Он сделал несколько неуверенных, шаркающих шагов вперёд, его руки взметнулись вверх в немом, отчаянном жесте.

— Господа! — крикнул он, и голос его, тонкий, сорвался на визгливую, жалобную ноту, густо замешанную на местечковом одесском говоре. — Господа купцы! Что вы делаете? Оставьте человека! Ну какой из него жид? Ну посмотрите на него, ради Бога!

Его заметили. На секунду всё затихло. Пьяные лица обернулись к нему с тупым удивлением.

— А тебе чего, ребе? — обернулся к нему Бубенцов, скаля редкие, жёлтые, как у старой лошади, зубы. — Мешаем молиться? Ревнуешь, да? Хочешь, чтобы он в вашу веру перешёл? Чтобы мицвы исполнял? Тфиллин наматывал?

— Да вы что, с ума все посходили?! — взвизгнул раввин, отчаявшись до конца. Его очки сползли на кончик носа. — Какой мицвы?! Он же крещёный! Ваш же цыганский… ну, как его, царь, что ли! Он давно крещёный! Все они тут… многие крещёные! Ну какой в нём толк для синагоги? Никакого! Оставьте вы человека в покое, ну!

Его слова, полные искреннего недоумения и ужаса, подлили масла в огонь пьяного безумия. Для отупелого сознания купцов это была не причина остановиться, а новая, ещё более веская и смешная причина для беснования.

— Ага! — заревел Семён Игнатьевич, и его лицо исказилось гримасой праведного гнева. — Значит, двурушник! И там был, и тут хочет! Ни Богу свечка, ни чёрту кочерга! Так ему и надо! Держи его! Вот я тебя, Иуду!

Кто-то, кажется, один из матросов, подвывавших купцам, грубо толкнул раввина в спину. Его шляпа слетела и покатилась по палубе, как чёрное колесо. Старик, беспомощный и жалкий, попятился, споткнулся о канат и чуть не упал.

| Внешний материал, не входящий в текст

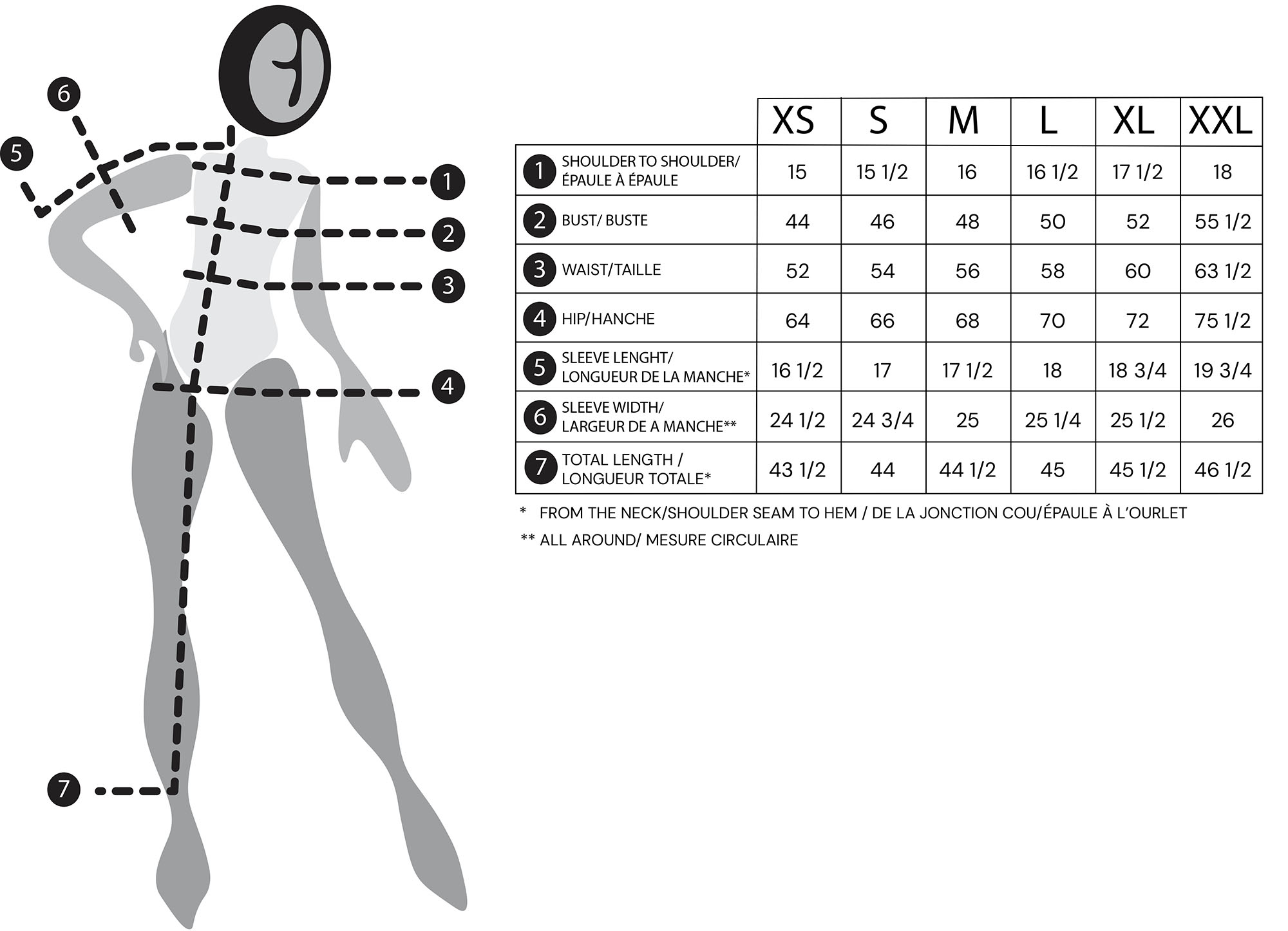 • Sizes XS – XXL.

Яшка, воспользовавшись суматохой, рванулся с нечеловеческой силой и выскользнул из ослабевшей хватки Карасёва. И началось. Началась свалка. Пьяные, красные, потные, перекошенные лица. Карасёв повалил Бубенцова, думая, что это цыган. Тот, ошеломлённый и озлобленный, начал драться в ответ, царапаясь и кусаясь. Никифор, пытаясь разнять, получил смачно по зубам от собственного дяди и заревел благим матом. Цыгане кинулись отбивать своего. Гитара Яшки с сухим, тоскливым треском разлетелась под чьим-то тяжёлым сапогом. Воздух наполнился матерной, утробной руганью, хрипом, тяжким храпом дерущихся мужчин, женскими вскриками цыганок.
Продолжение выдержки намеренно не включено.